His lips pursed in thought, and then he grinned. “Yes, follow me.” He walked away from the car and snapped his fingers. “Shoot. Bags.” As easy as if they were anti-gravity cases, he had all three, plus my backpack, and juggled them to shut the trunk. “Follow me.”

He led us around the side of the house and gestured us through an open gate before kicking it shut behind us. Then down a short path through the yard, passing untamed bushes, until finally it opened out and there was a brand-new wooden structure. A shed only fancier.

“I was going to use this for gym equipment, but actually it would make a cool playhouse, right?” He opened the door with a flourish as if he was showing us a palace.

Sophie had a playhouse, made of plastic, in the corner of her room, but it was nothing like what this could be with beanbags and toys, a sofa maybe, bookcases, all of that, and it could be the absolute best thing for her.

Better than her tiny bedroom back home.

I needed to stop overthinking about this. It’s a shed for God’s sake.

“Stay here,” he instructed, and still with the cases in hand, he jogged to the house, disappearing inside. Jogged. With three cases. Muscles bunched as he jumped the step inside, and then nothing happened for five minutes.

“Just you and me then, Sophie.”

“Want down, Daddy,” she demanded, and I went to a crouch as she clambered from my hold and explored the space. It was big, maybe fifteen by fifteen, glass in the ceiling, solid, the kind of place that was a step up from storing a lawnmower, and I could see it had both plumbing and electric. There was a large cardboard box in a corner and Sophie was up on tiptoes and peering in. I went to her side immediately in case there were things in there that she shouldn’t be touching, but the box was empty.

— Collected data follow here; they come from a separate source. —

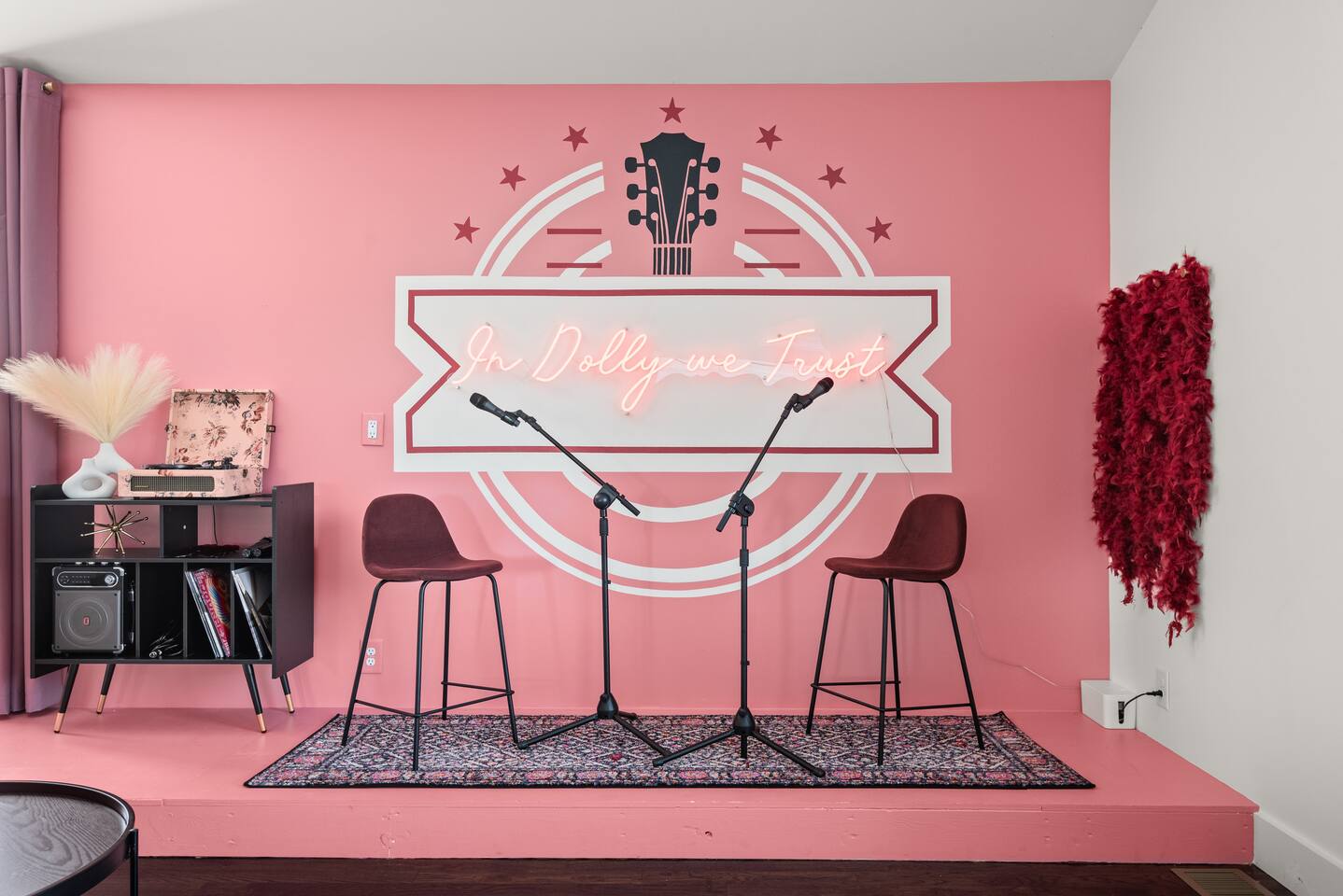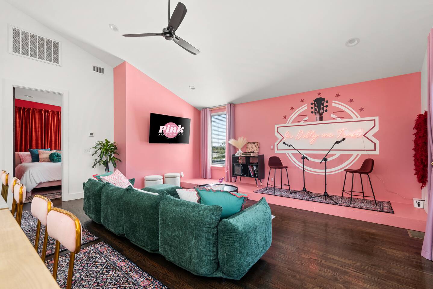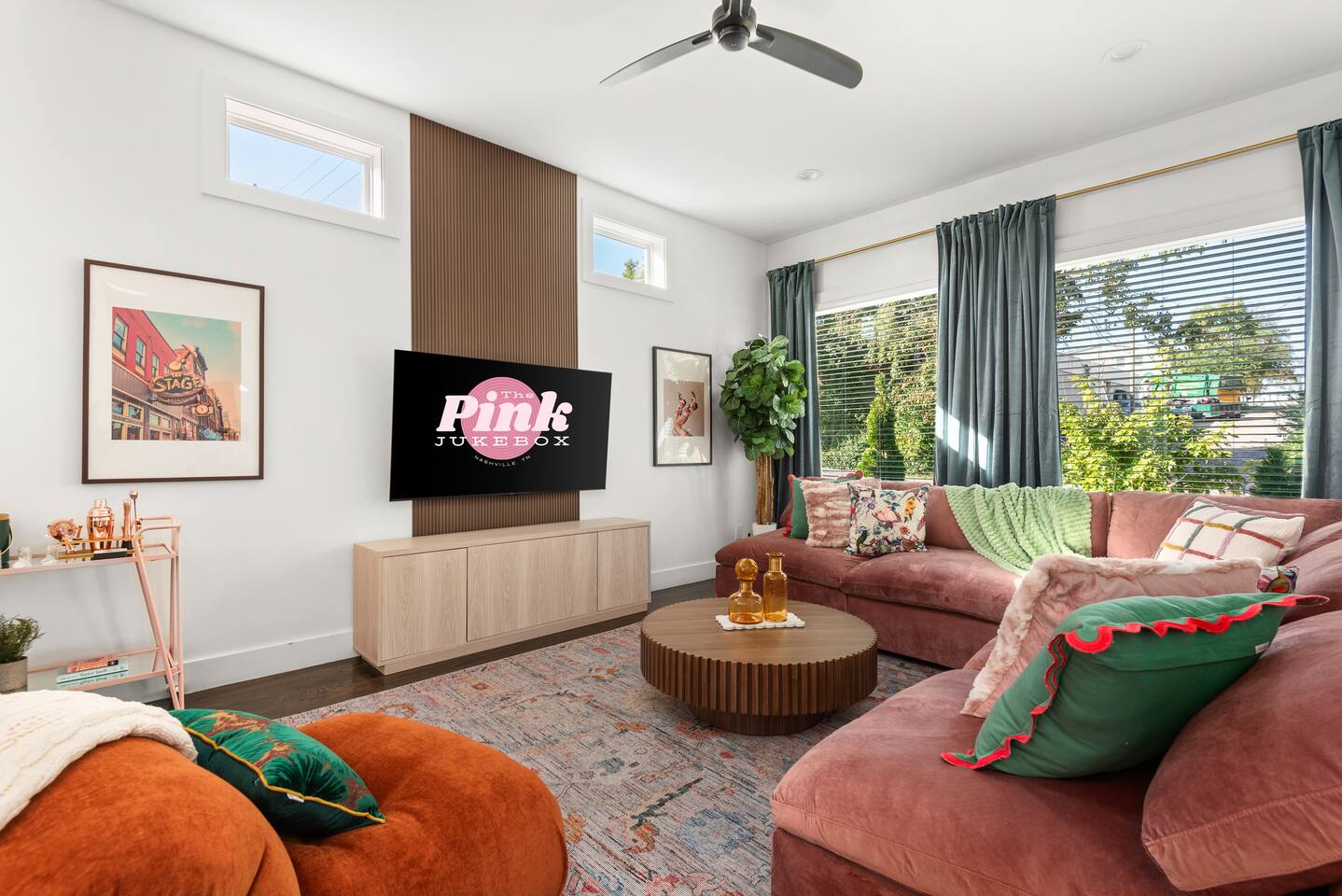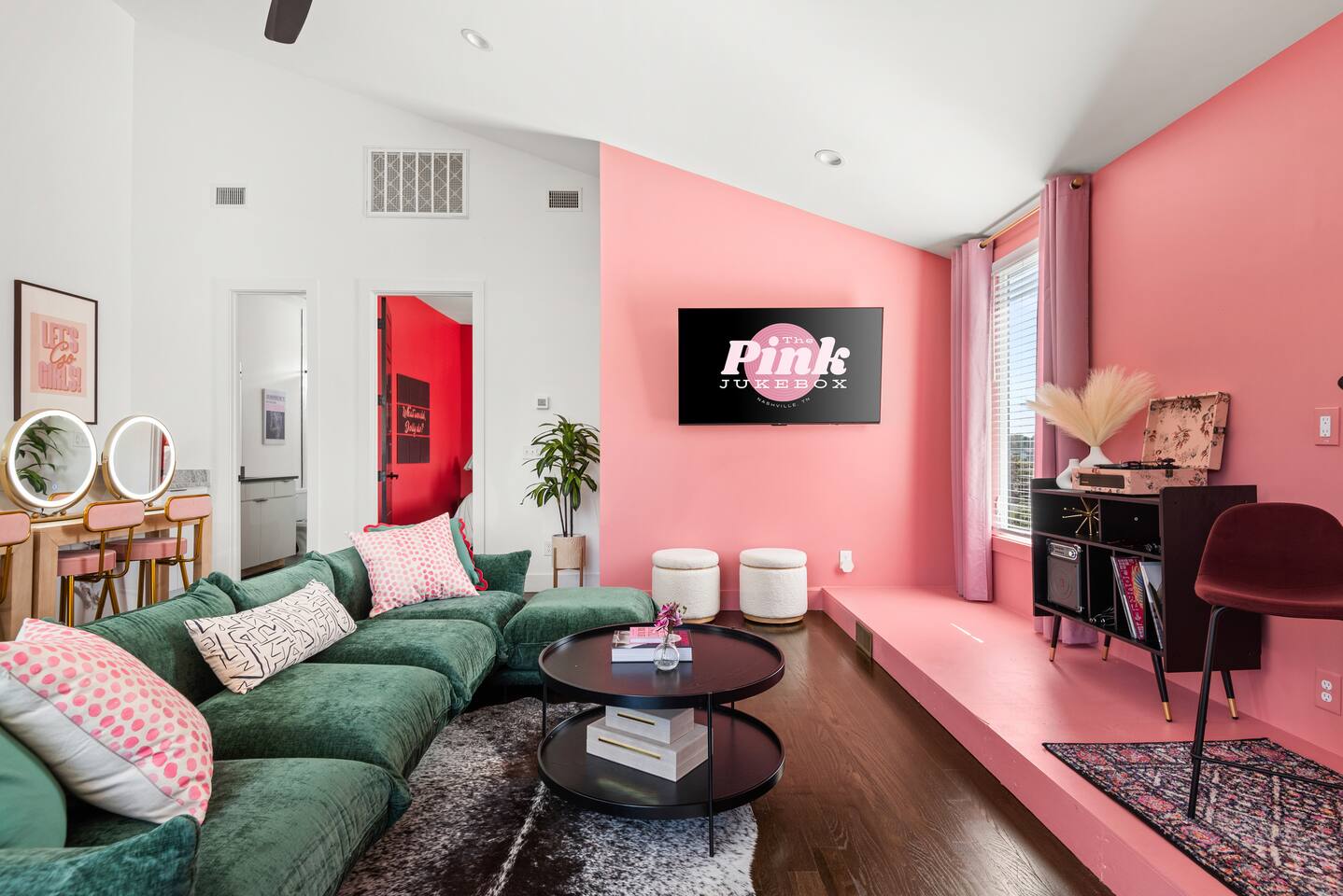 The Pink Jukebox: Your Unforgettable Nashville Group Getaway! 📍 Prime Spot: 10 min--> Broadway, 8 min--> Gulch, 3 min-->12S+ Local Superhosts! 🎤 Sing Loud: Karaoke Stage for Epic Nights. 💄 Get Glam: Prep Stations Ready for Your Broadway Debut. 🤠 Insta-Worthy: Pro Design, Custom Cowgirl Murals Inside. 🔥 Chill Out: Covered Deck & Fireplace for Cozy Gatherings.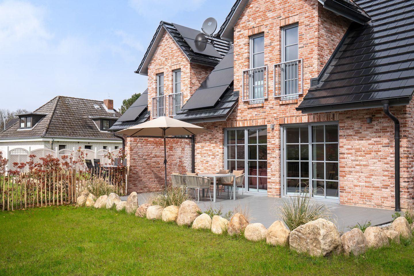 Die Terrasse im eingezäunten Garten lädt zum Entspannen ein und bietet die Möglichkeit, die frische Nordseeluft zu genießen. Ein Sichtschutz garantiert Ihnen Privatsphäre. Zudem steht Ihnen auch ein Gartenhaus zur Verfügung, wo Sie Ihre E-Bikes sicher verschließen und kostenfrei laden können.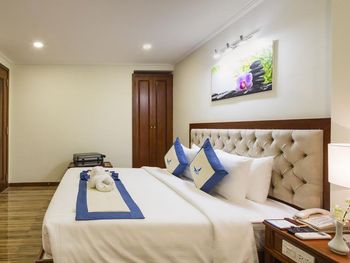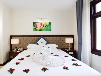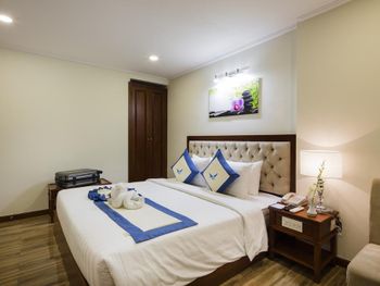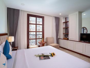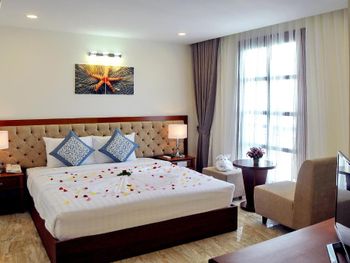 Преимущество отеля - его расположение. В самом центре, рядом с пляжем (5 мин. пешком). В целом чисто, номер каждый день убирали. Один раз не убрали, вечером сказала об этом администрации, тут же пришла горничная и быстро убрала. Завтраки приемлемые, сытные и разнообразные (суп, горячее, каша, жарят омлет, сладкое и главное, каждый день, разные фрукты), но, как и вся еда во Вьетнаме, все невкусное, пресное.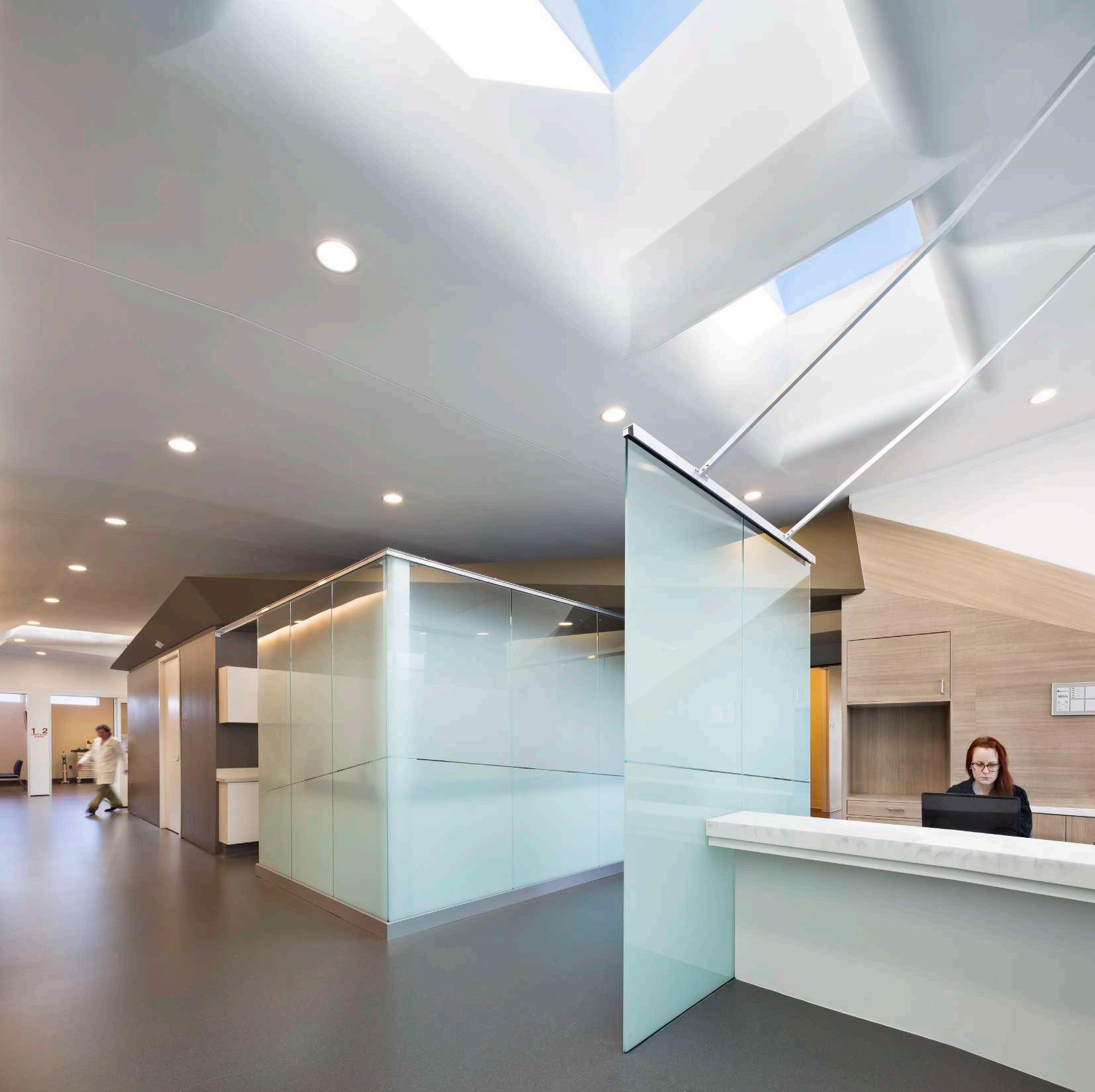 We wanted the entrance to feel like an experience. Lined with skylights the maple wood walls lead you into the space until you arrive at a live moss wall (that purifies the air and makes your heart smile). The backdrop is a polycarbonate wall that is lined with LED color-changing lights. This wall has their logo “a paper airplane.” Now that this project is done, our wishes are that with every project they do, they go further and make people smile, just like a paper plane.
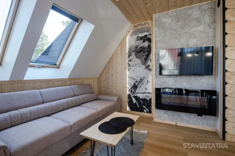 Sypialnia 1: łóżko małżeńskie, telewizor, klimatyzator, widok na Tatry z obu okien dachowych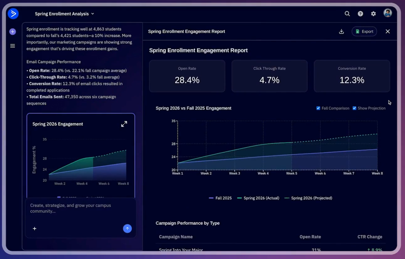 So fragt er zunächst ab, wie der Trend von E-Mail Abos im Frühling war ("How is my spring enrollment trending?").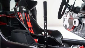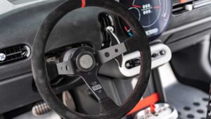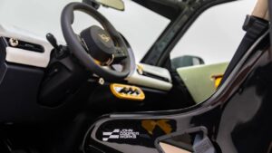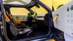 Внутри салон имеет более традиционную тему автоспорта, с крылатыми сиденьями в виде ведра, пластинчатым рулем и ручным тормозом, гордо стоящим на центральной консоли.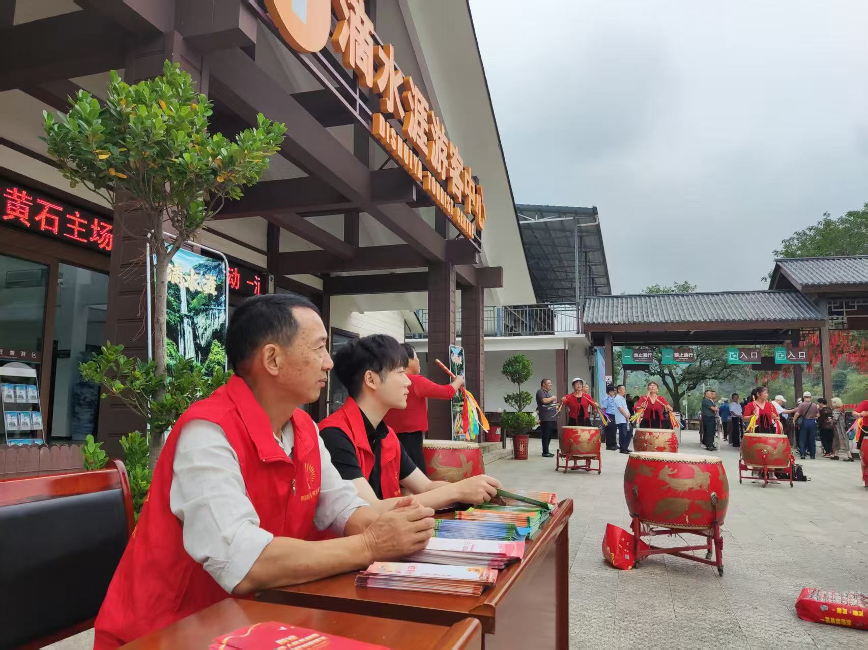 9月23日上午,2025年中国农民丰收节黄石市主场“庆丰收”活动在阳新县排市镇滴水涯旅游区举行。县司法局排市司法所紧抓“丰收节”人流密集的有利时机,在景区入口处设立普法宣传点,将法律知识与节日喜悦一同送到农民朋友身边,为热烈的丰收庆典增添了一抹独特的法治色彩。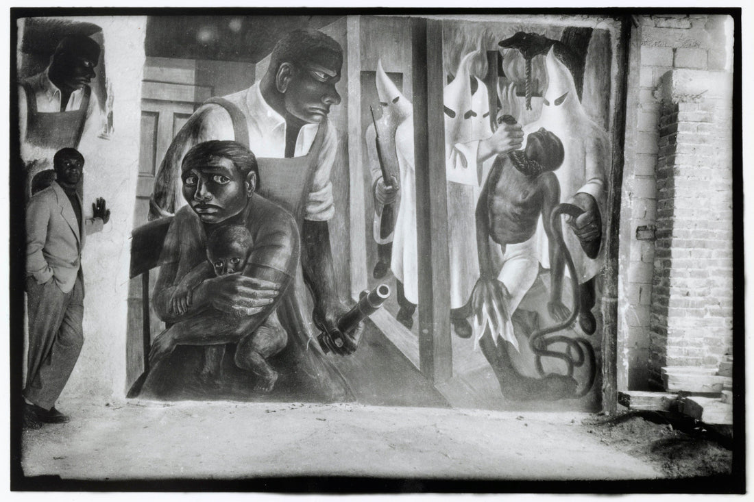 The mural’s figures are larger than life. The victim of a lynching slumps on the right side of the panel, a cut piece of rope around his neck; the other end is still knotted around a broken tree branch. Three figures in white Klan robes surround him while a fourth, clutching a shotgun, looks on from behind. The scene is viewed through a window; we are inside a room with the mural’s primary figure, another Black man, holding the barrel of a rifle in one hand and shielding a woman and infant with the angle of his body. The mother, in turn, clutches her child to her breast. Her eyes are frightened; the baby’s are open and knowing, as if they see already what it means to be a Black child in Jim Crow America.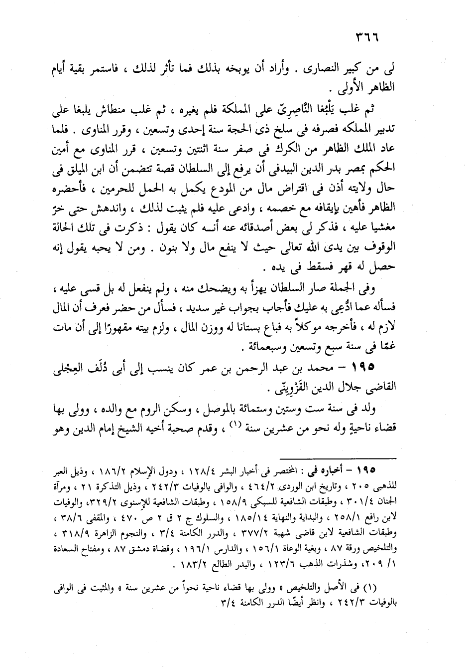 لي من كبير النصارى. وأراد أن يوبخه بذلك فما تأثر لذلك، فاستمر بقية أيام الظاهر الأولى.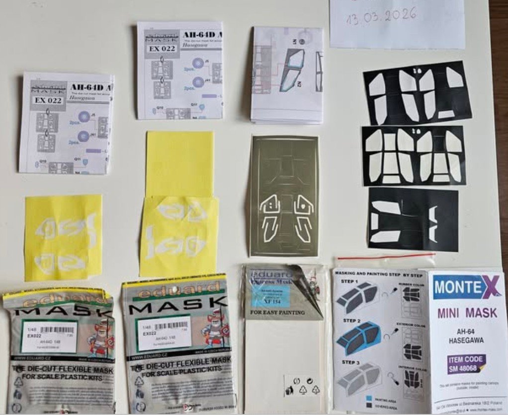 Headhunter88 Napisano 14 Marca Share Napisano 14 Marca Witam, oferuję 4 lekko zdekompletowane zestawy masek do modelu 1/48 Hasegawa AH64A/D/E. Spokojnie można nimi zamaskować oszklenie 2 lub 3 modeli, a jak wiadomo AH64 juz niedługo w Wojsku Polskim. Za wszystko 10 zl Mozliwość wysyłki lub wystawienia na olx/vinted/allegro. Zapraszam Odnośnik do komentarza Udostępnij na innych stronach More sharing options...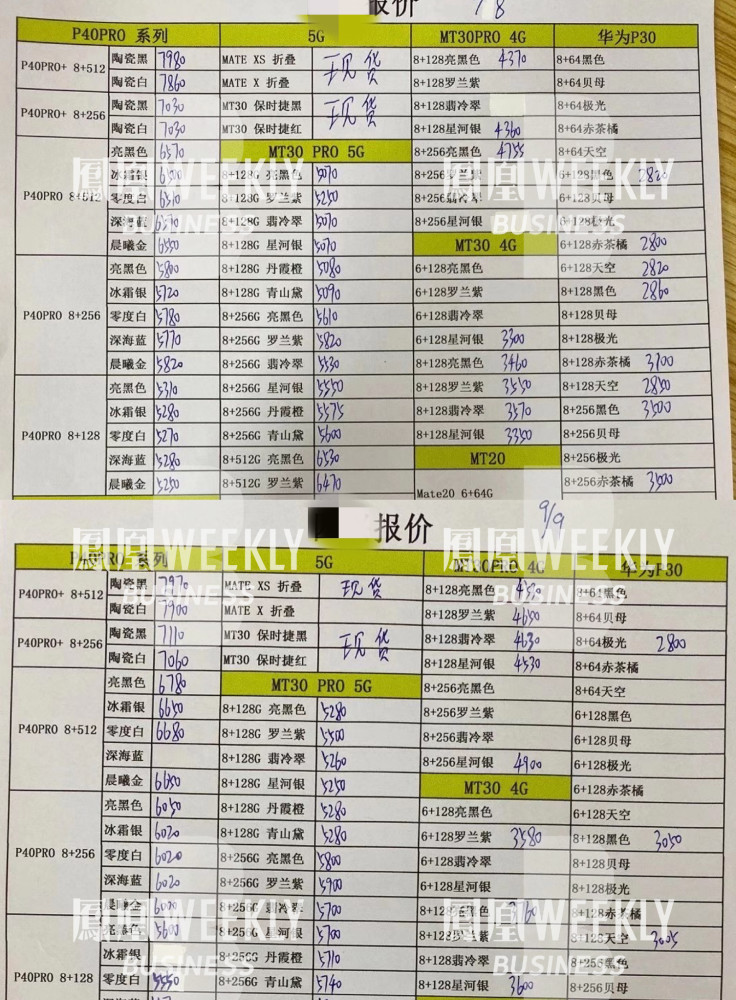 華強北某批發市場的兩份報價單顯示,8月18日至9月9日,華為部分機型上漲200元左右。

The two of us tilted it on its side, and she crawled in. “My new house,” she exclaimed and sat down looking as pleased as any small kid with a box.

A commotion at the door made me glance back, and I did a double take when I saw a whole line of people was carrying furniture. There was a large sofa, a separate chair, a small table, boxes of other things, a rug, a TV, a laptop, even a planter.

“What’s this?”

“We shouldn’t go into the house for a few hours, so I brought the house out here. Is that okay? For Sophie, I mean.” He held up a hand to stop two brawny guys covered in paint from muscling the sofa in.

“For Sophie?”

“Do we need to disinfect things? I should have thought of that, what if—”

“It’s all good.” I kept an eye on it all as the furniture was fitted in snuggly and Sophie sat in the box and peered at everything going on.